Hi, in my packages/functions/code I tend to remove large temporary variables as soon as possible, e.g. large intermediate vectors used in iterations. I sometimes also have the habit of doing this to make it explicit in the source code when a temporary object is no longer needed. However, I did notice that this can add a noticeable overhead when the rest of the iteration step does not take that much time. Trying to speed this up, I first noticed that rm(list="a") is much faster than rm(a).

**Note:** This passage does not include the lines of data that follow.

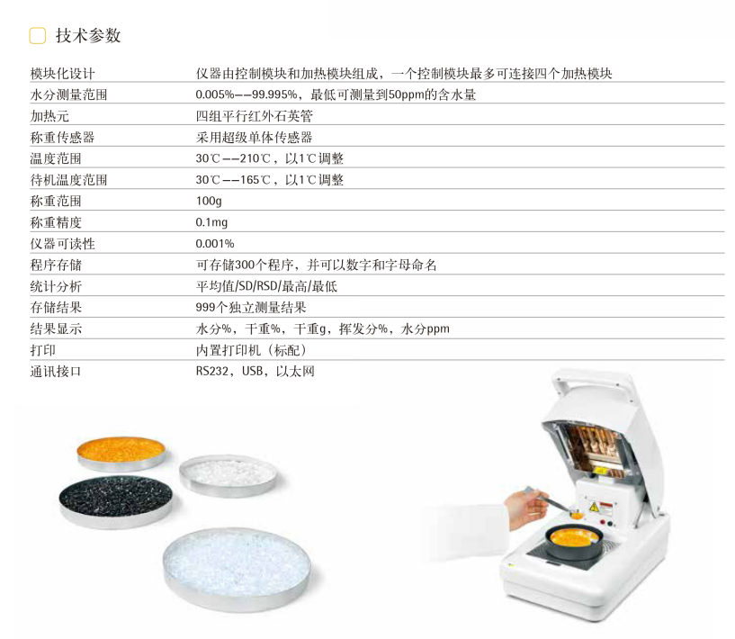 高精度测量,内置0.1mg分析天平,水分检测下限可达50ppm
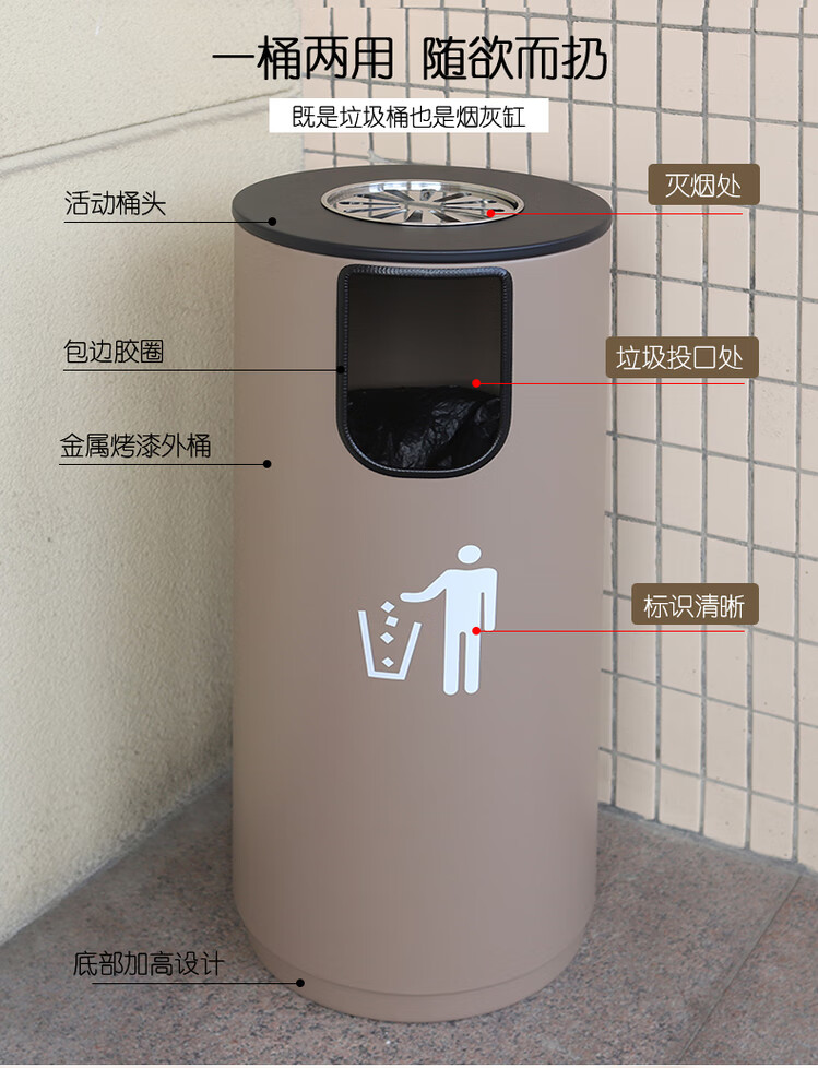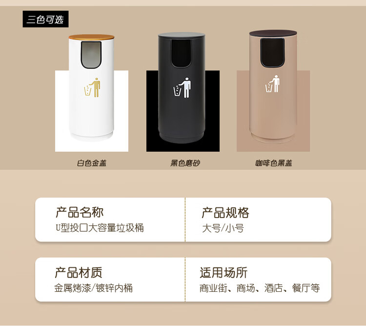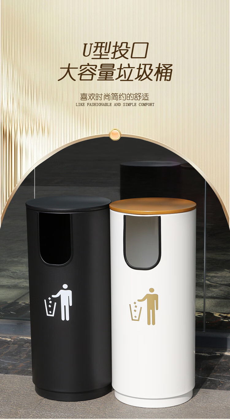 Outdoor commercial classified trash can, property community villa, large capacity, large U-shaped outdoor trash can, round black large (recyclable
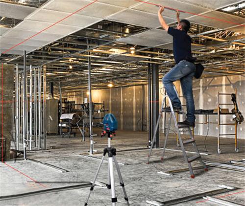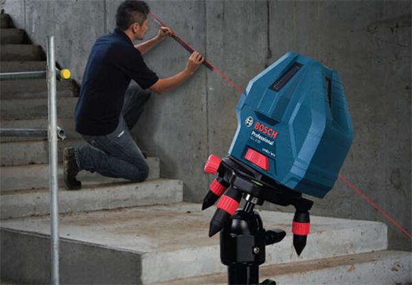德國博世GLL5-50標線儀工作范圍15m,使用接收器的工作范圍 (半徑)可達到50米,調平精度± 0,2 mm/m,是專業型5線高精度水平儀,具有獨特的可拆分底坐容易攜帶,多種選擇的激光線和擺放方式。
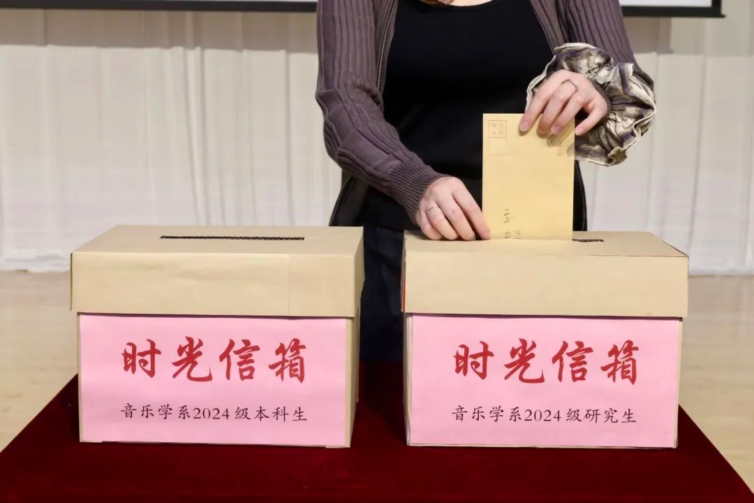 别出心裁的“时光信箱”投递环节令人印象深刻。每位新同学都给未来毕业时的自己准备了一封信,投入台上的信箱,待到未来挥别校园时再打开。这些话语记载了扬帆启航的新同学们对大学生活的期盼,以饱含希冀的字迹织就一颗温暖的种子,在薪火相继的校园中深深埋藏。它们寄托着同学们对未来的自己沉甸甸的期盼和祝福,也承载着师者的遥祝与关怀。满载着师长们的殷殷期望,2024级的新生们在温暖的灯光中寄出了那封未来之信。
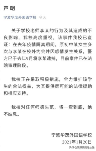 李某是宁波华茂外国语学校一名老师,在2020年疫情隔离期间,与该校一名初中女生多次在校外约会并且因感情而发生性关系。
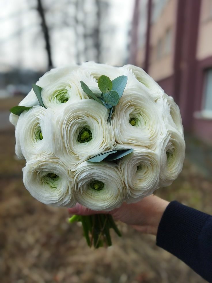 Ранункулюсы или лютики похожи на розы или маленькие пионы. В букете невесты они смотрятся очень романтично и аристократично. А эвкалипт придаёт композиции еще большую легкость и воздушность.
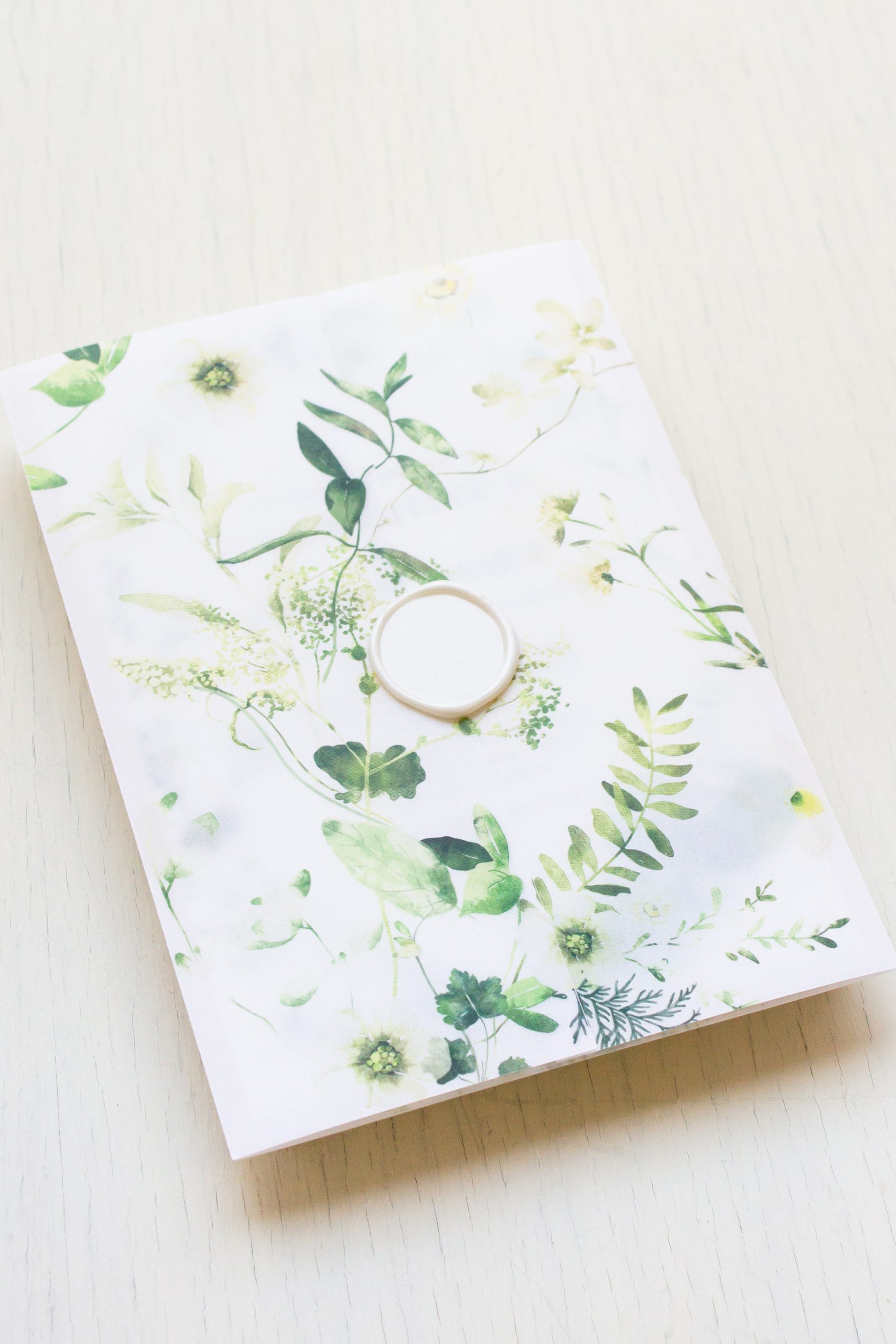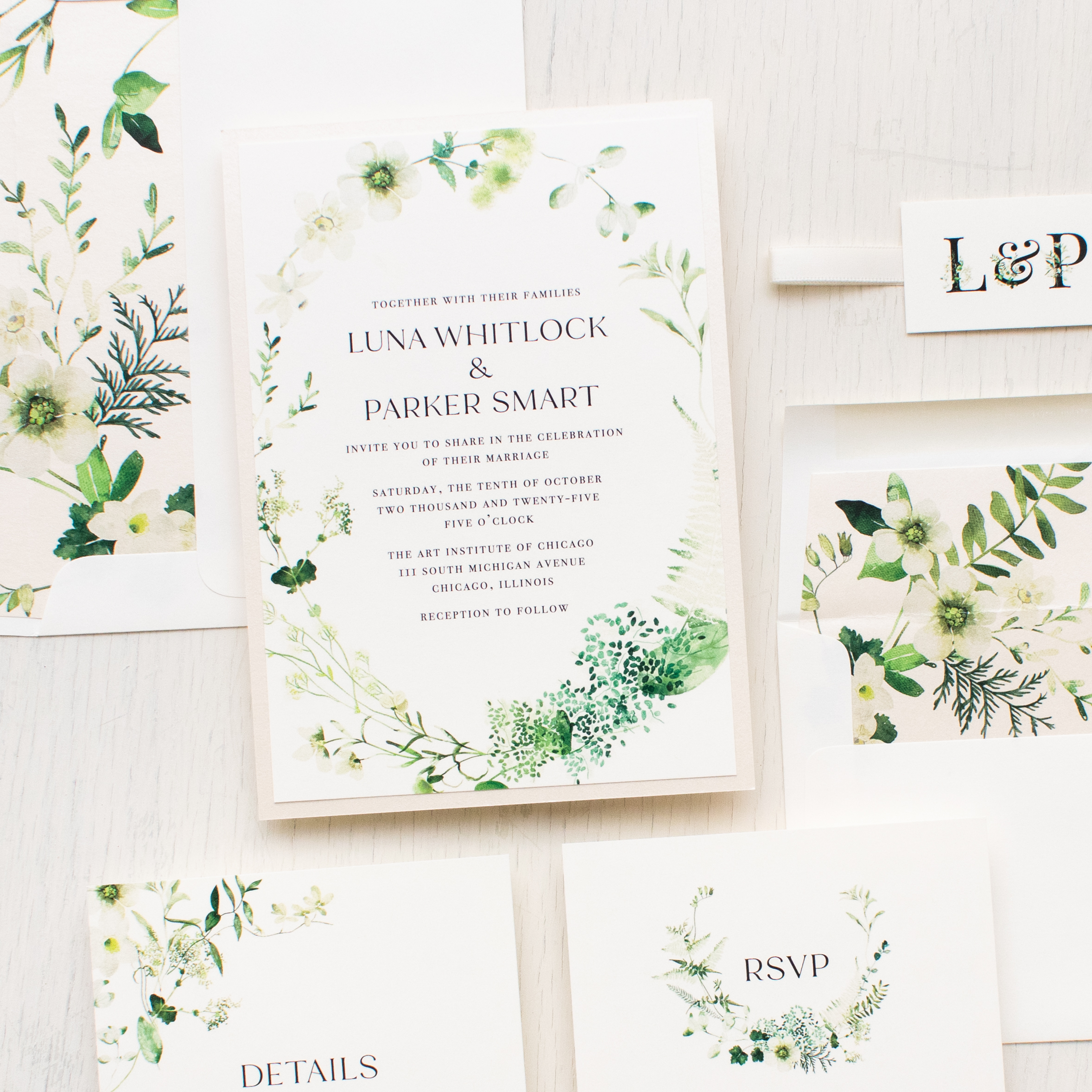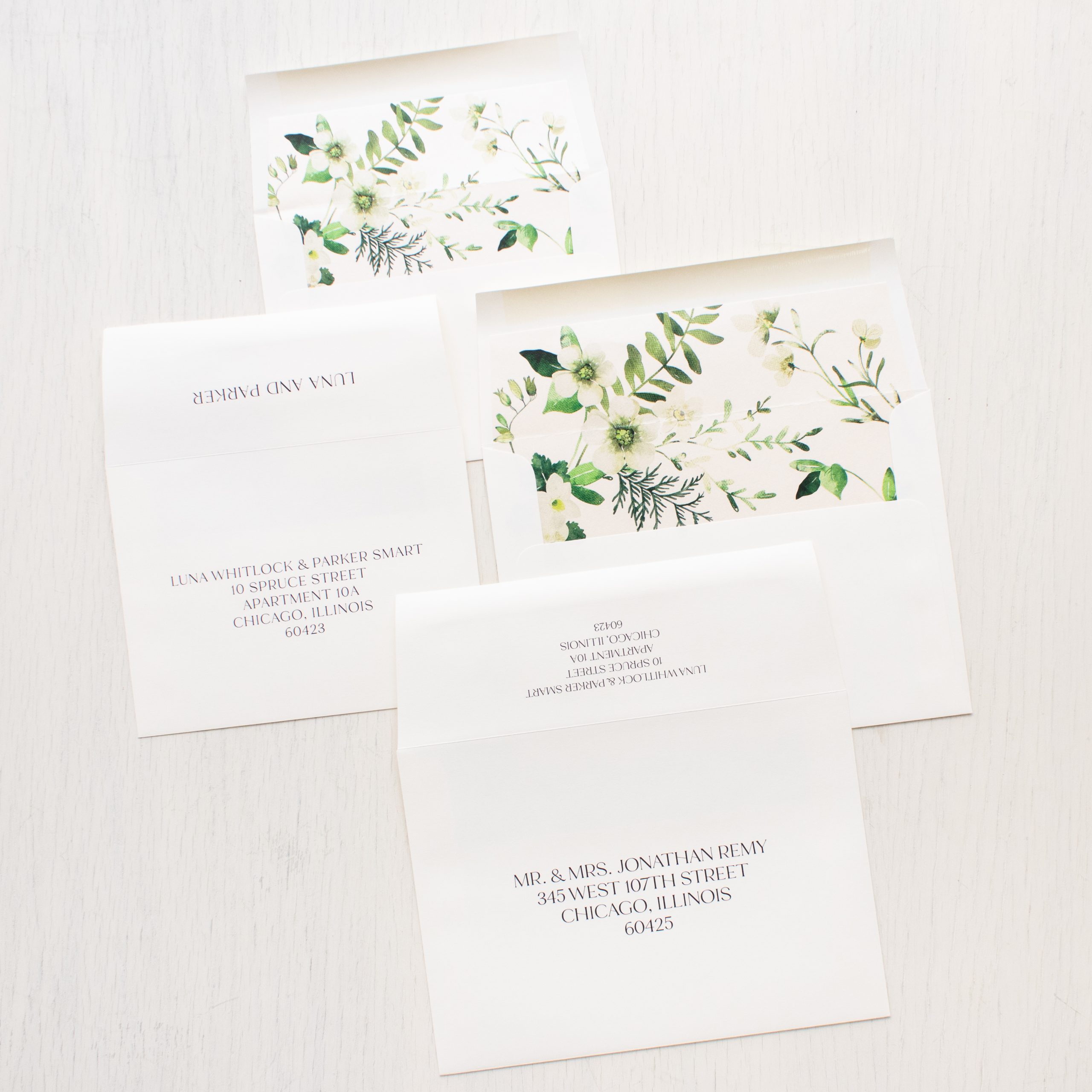 Modern greenery vellum wedding invitations layered with white florals, simple fonts and handcrafted greenery envelope liners. Then, we bundle each set with an ivory satin ribbon and paper tag.

While at it, I realized that for the purpose of keeping the memory footprint small, I can equally well reassign the variable the value of a small object (e.g. a <- NULL), which is significantly faster than using rm(). SOME BENCHMARKS: A toy example imitating an iterative algorithm with "large" temporary objects. x <- matrix(rnorm(100e6), ncol=10e3) t1 <- system.time(for (k in 1:ncol(x)) { a <- x[,k] colSum <- sum(a) rm(a) # Not needed anymore b <- x[k,] rowSum <- sum(b) rm(b) # Not needed anymore }) t2 <- system.time(for (k in 1:ncol(x)) { a <- x[,k] colSum <- sum(a) rm(list="a") # Not needed anymore b <- x[k,] rowSum <- sum(b) rm(list="b") # Not needed anymore }) t3 <- system.time(for (k in 1:ncol(x)) { a <- x[,k] colSum <- sum(a) a <- NULL # Not needed anymore b <- x[k,] rowSum <- sum(b) b <- NULL # Not needed anymore })> t1user system elapsed 8.03 0.00 8.08> t1/t2user system elapsed 1.322900 0.000000 1.320261> t1/t3user system elapsed 1.715812 0.000000 1.662551 Is there a reason why I shouldn't assign NULL instead of using rm()? As far as I understand it, the garbage collector will be equally efficient cleaning out the previous object when using rm(a) or a <- NULL. Is there anything else I'm overlooking? Am I adding overhead somewhere else? /Henrik PS. With the above toy example one can obviously be a bit smarter by using: t4 <- system.time({for (k in 1:ncol(x)) { a <- x[,k] colSum <- sum(a) a <- x[k,] rowSum <- sum(a) } rm(list="a") }) but that's not my point.
William Dunlap
2013-May-25 21:00 UTC
[Rd] Assigning NULL to large variables is much faster than rm() - any reason why I should still use rm()?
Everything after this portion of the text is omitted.